(Recorded data):
□ □ □ □ □

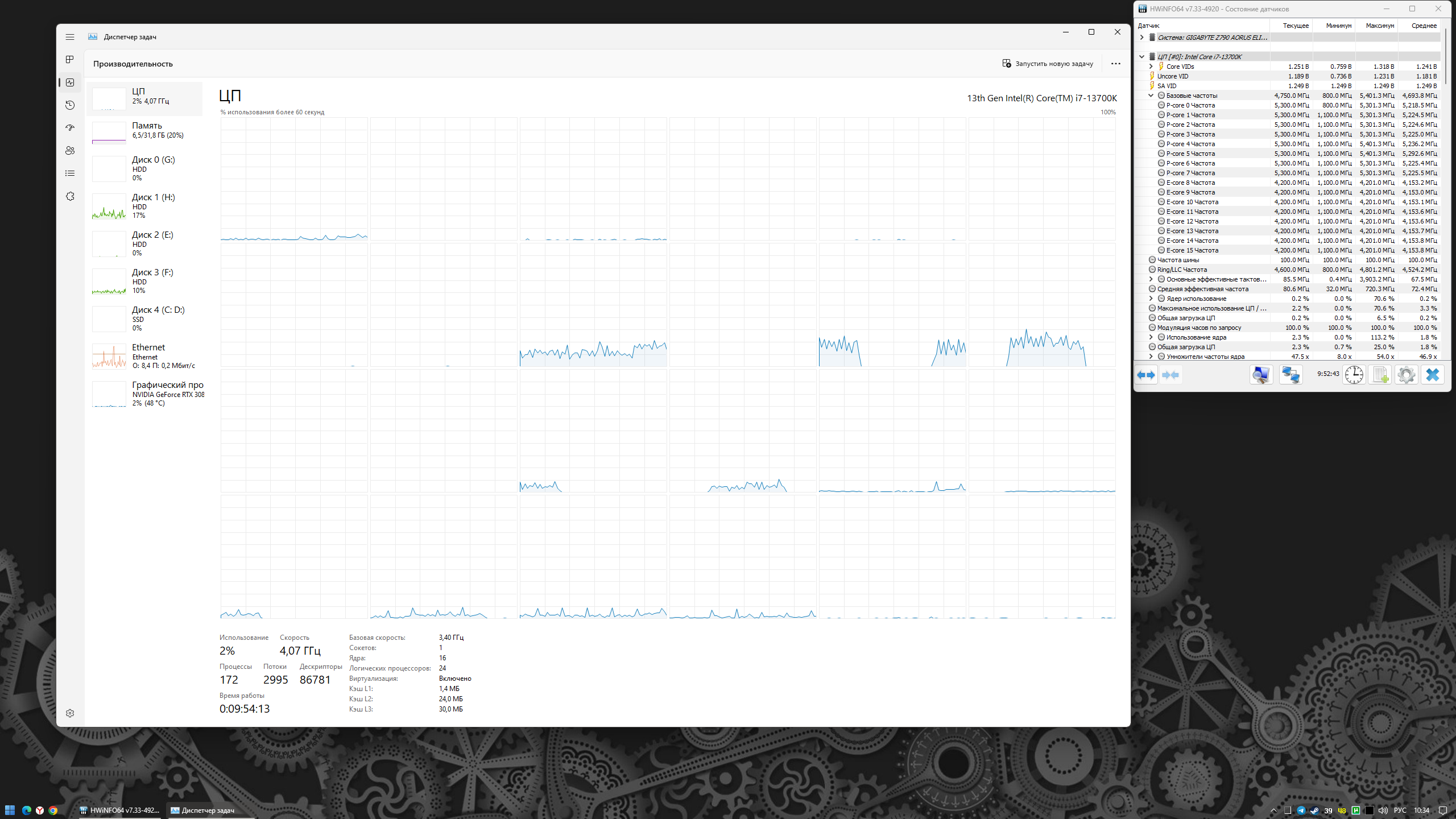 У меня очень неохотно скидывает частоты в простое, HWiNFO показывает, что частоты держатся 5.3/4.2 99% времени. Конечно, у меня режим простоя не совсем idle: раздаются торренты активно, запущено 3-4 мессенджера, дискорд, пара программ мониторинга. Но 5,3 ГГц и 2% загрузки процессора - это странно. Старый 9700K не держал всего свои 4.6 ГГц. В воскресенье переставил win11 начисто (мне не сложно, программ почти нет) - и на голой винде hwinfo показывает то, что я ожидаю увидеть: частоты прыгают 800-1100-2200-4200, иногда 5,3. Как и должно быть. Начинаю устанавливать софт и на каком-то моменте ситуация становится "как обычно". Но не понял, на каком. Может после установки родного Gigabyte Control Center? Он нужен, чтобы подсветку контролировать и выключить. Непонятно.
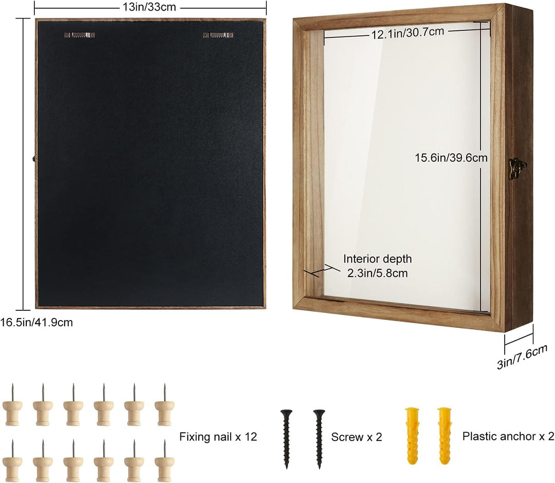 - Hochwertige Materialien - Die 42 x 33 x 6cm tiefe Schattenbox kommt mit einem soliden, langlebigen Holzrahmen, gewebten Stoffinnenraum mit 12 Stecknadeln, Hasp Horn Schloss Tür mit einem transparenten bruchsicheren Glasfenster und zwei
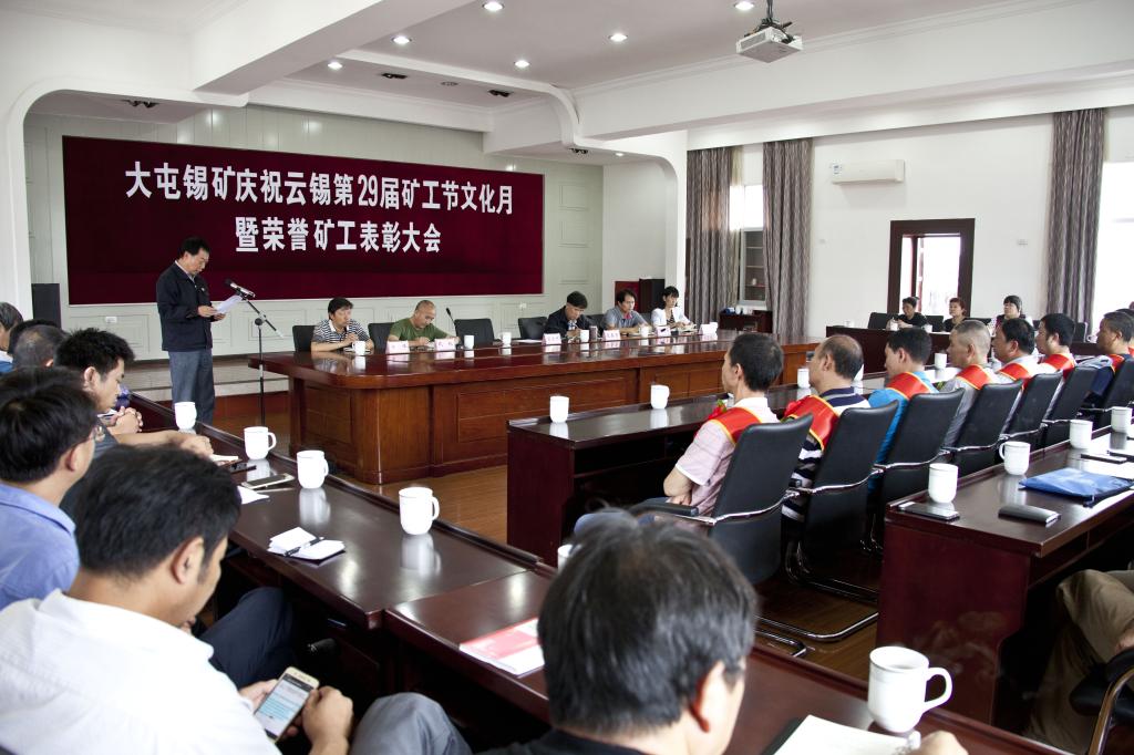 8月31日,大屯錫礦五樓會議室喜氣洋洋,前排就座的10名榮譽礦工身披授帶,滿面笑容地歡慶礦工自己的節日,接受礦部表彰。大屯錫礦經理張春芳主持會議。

□ □ □ □ □

(About this exercise):
Retype the line containing "- Hochwertige Materialien" and all lines after it through the end of the material, exactly and only those, leaving out pictures.

(Exercise output):
 - Hochwertige Materialien - Die 42 x 33 x 6cm tiefe Schattenbox kommt mit einem soliden, langlebigen Holzrahmen, gewebten Stoffinnenraum mit 12 Stecknadeln, Hasp Horn Schloss Tür mit einem transparenten bruchsicheren Glasfenster und zwei
 8月31日,大屯錫礦五樓會議室喜氣洋洋,前排就座的10名榮譽礦工身披授帶,滿面笑容地歡慶礦工自己的節日,接受礦部表彰。大屯錫礦經理張春芳主持會議。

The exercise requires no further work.